Portrait of Thomas James.
Engraver: Matthaeus Haughton.
Artist: after George Engleheart (1750–1829).
Production date: 1795.
Image size: 25,5x17,5 cms.
Inscription content: Scholae Rugbeensis muper Alumnus (Rugbean School Alumnus).
Condition: margins trimmed to plate mark.
Thomas James was Headmaster of the Rugby School 1778—1794 before it was moved to Warwick. Rugby was founded in 1567 by Lawrence Sheriff, purveyor of spices to Queen Elizabeth I, as a Free Grammar School for the boys of Rugby and Brownsover.
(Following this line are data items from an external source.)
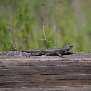 Eergisteren hebben we op weg naar Monterey eerst even een stukje van Pinnacles NP bekeken en een eindje gewandeld. Opeens schrok ik heel erg van een plotselinge beweging in mijn ooghoek. Tom had me al een tijdje lopen stangen over ratelslangen. Maar gelukkig was het maar een kleine salamander, die nog even geduldig bleef zitten voor een foto.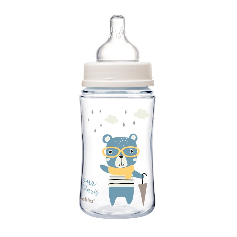 Butelka antykolkowa EasyStart Bonjour Paris stworzona została z myślą o najmłodszych dzieciach. Gwarantuje łatwy start w karmieniu i umożliwia łączenie karmienia piersią i butelką. Jej miękki smoczek - kształtem zbliżony do kształtu piersi mamy, ułatwia dziecku akceptację butelki, a skuteczny zaworek antykolkowy zapobiega powstawaniu pęcherzyków powietrza w pokarmie i tym samym redukuje ryzyko powstawania kolek, bólów brzuszka, nadmiernego odbijania i gromadzenia się gazów. Butelkę wyróżnia też oryginalny design.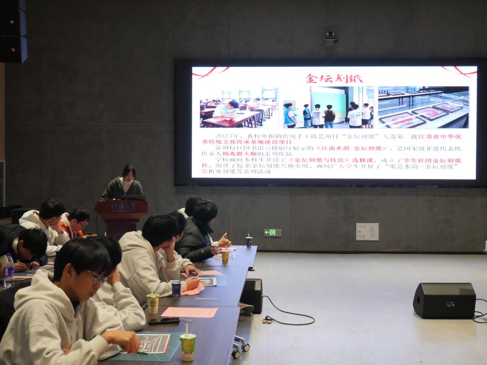 作为本次活动的特色环节,金坛刻纸体验让学子们沉浸式感受非遗文化魅力。金坛刻纸是金坛区国家级非物质文化遗产,活动现场特别邀请金坛刻纸社的同学进行专业讲解与指导。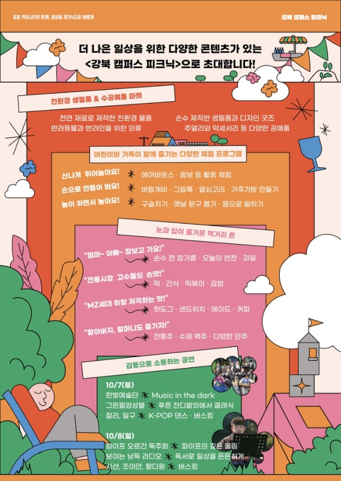 "로컬 커뮤니티와 함께, 일상을 피크닉으로 새롭게”를 슬로건으로 내건 <강북 캠퍼스 피크닉>은 10월 7일(토)부터 8일(일)까지 이틀간 한신대학교 서울캠퍼스에서 시민을 대상으로 하는 지역축제가 개최된다고 합니다.소풍을 가듯, 캠핑을 떠나듯 도심 속 일상에 지친 사람에게 휴식과 여유를, 남녀노소 누구나 즐기는 재미난 공연과 체험을, 맛있는 먹거리와 풍성한 볼거리를 제공한다.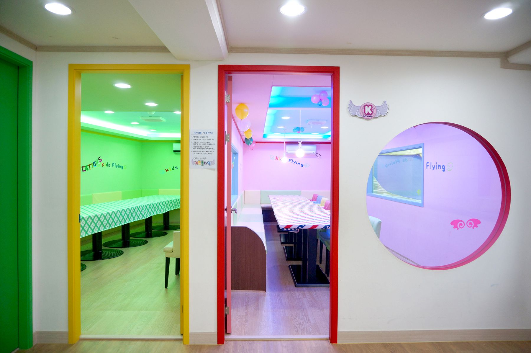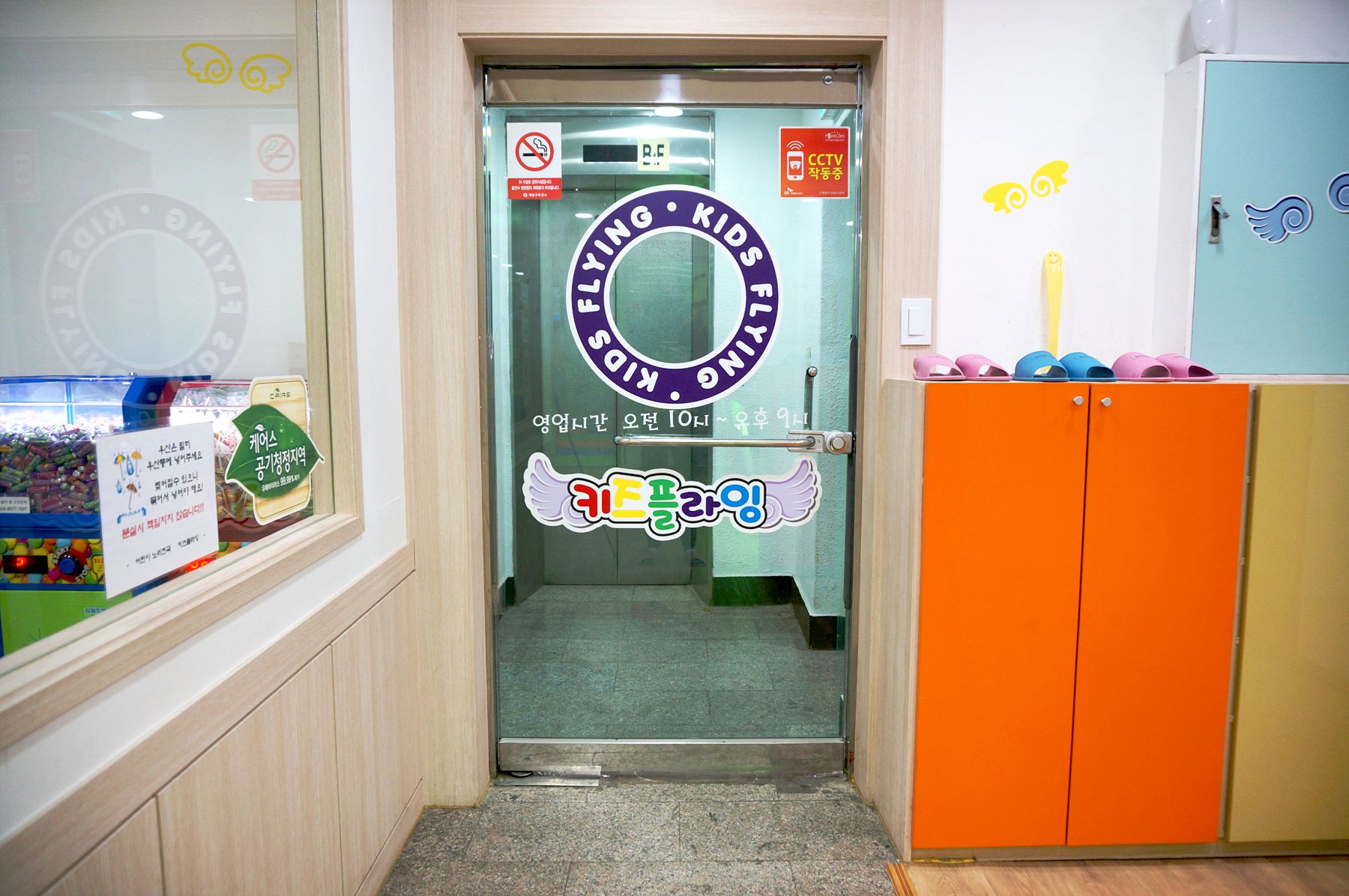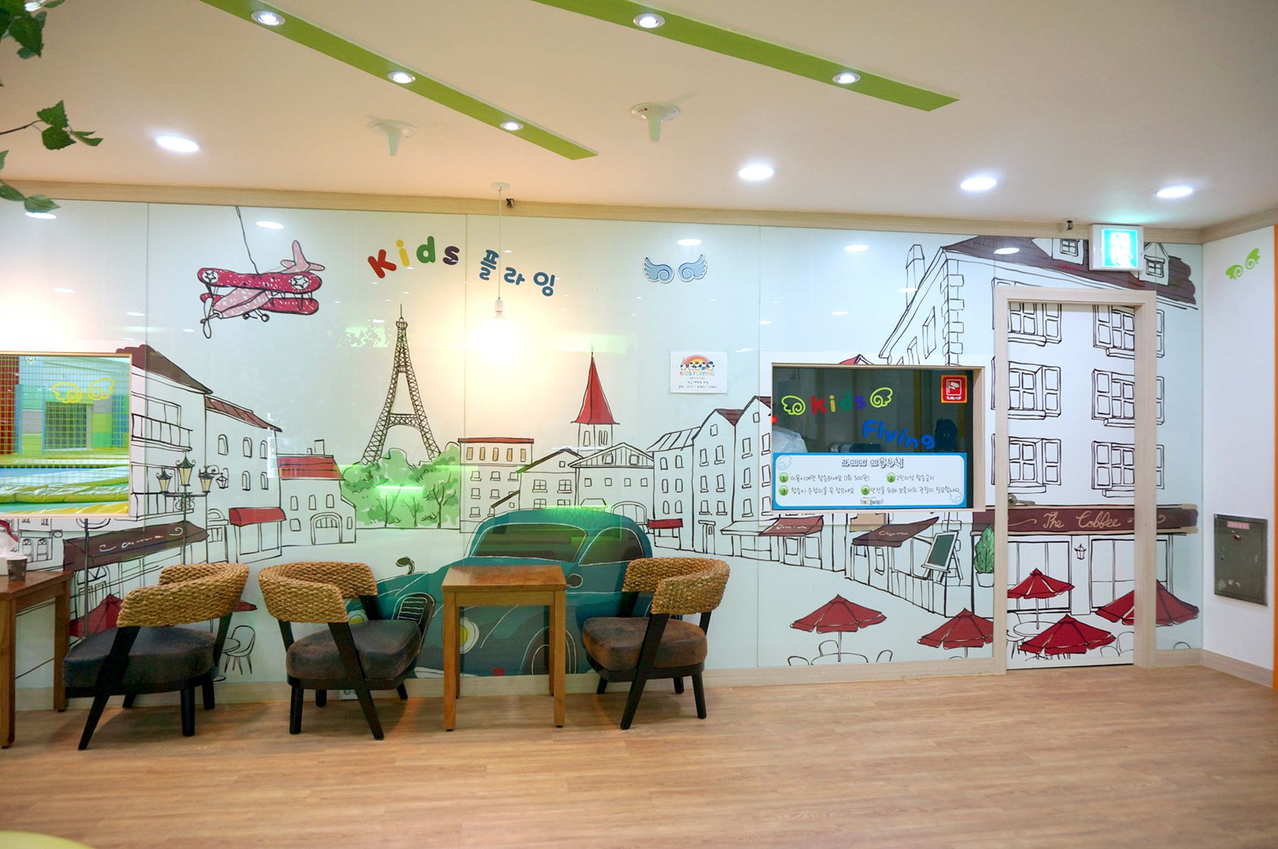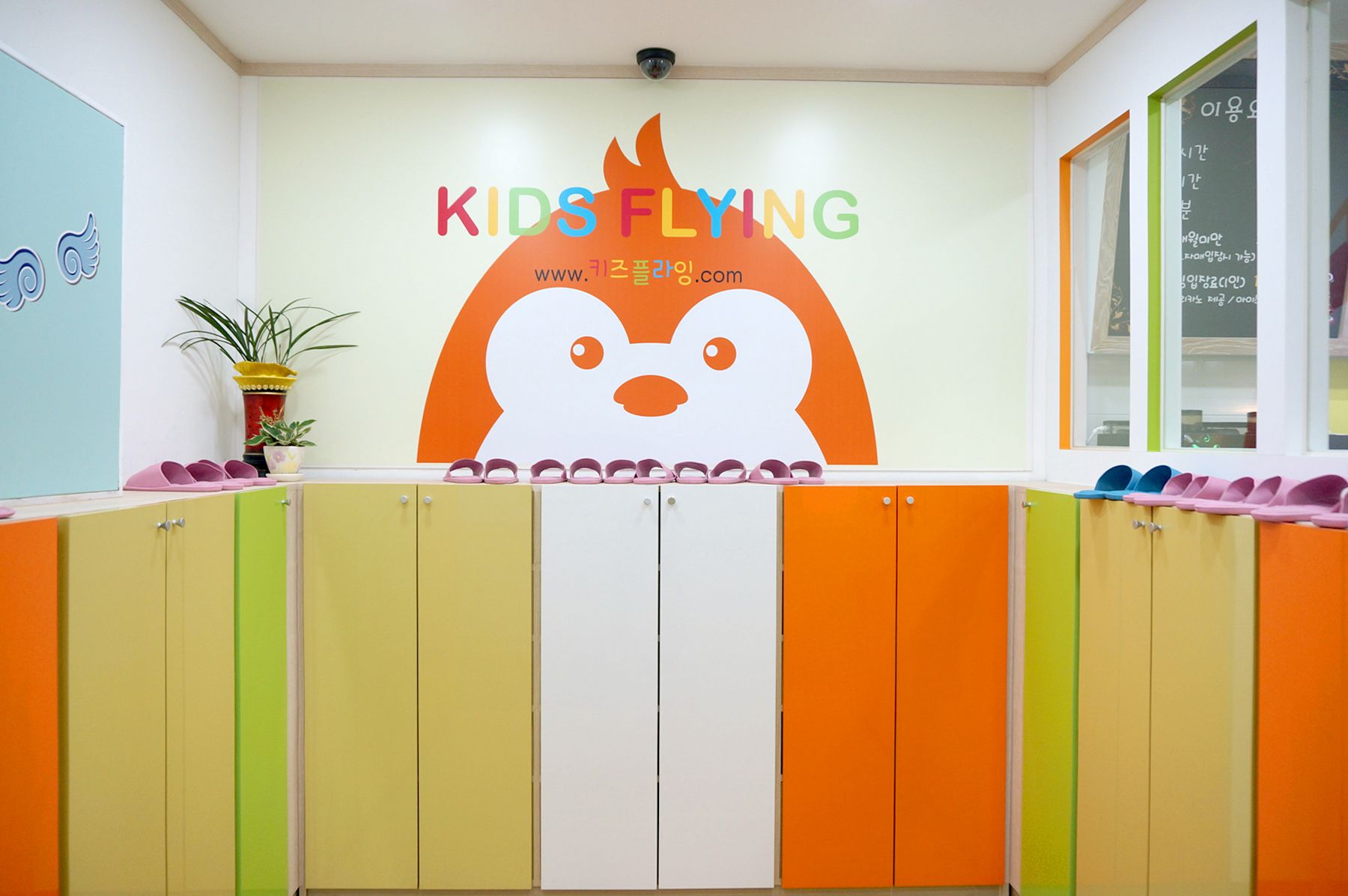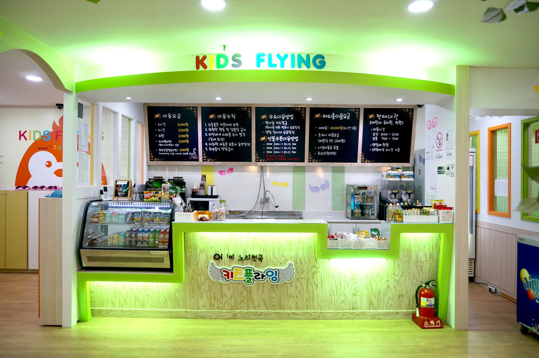 키즈플라잉에는 큐브놀이존, 카페존, 편백놀이존, 미로놀이존, 파티룸존, 트램펄린존, 정글짐존이 있으며

In the following century the School’s fate remained uncertain and in 1651 it all but collapsed, but by 1667 Rugby was acquiring a name for scholarship and it developed rapidly under a series of outstanding masters, including Henry Holyoake (1688–1731), who drew boys from as far afield as Cheshire, Kent and Somerset. Under him assistant masters first appeared – men who were curates of neighbouring villages. Numbers reached a new high of 245 boys under Thomas James (1778–94), who administered a new constitution secured by Act of Parliament in 1777. The School moved from the middle of town to occupy a manor house on the present site of School House in 1750.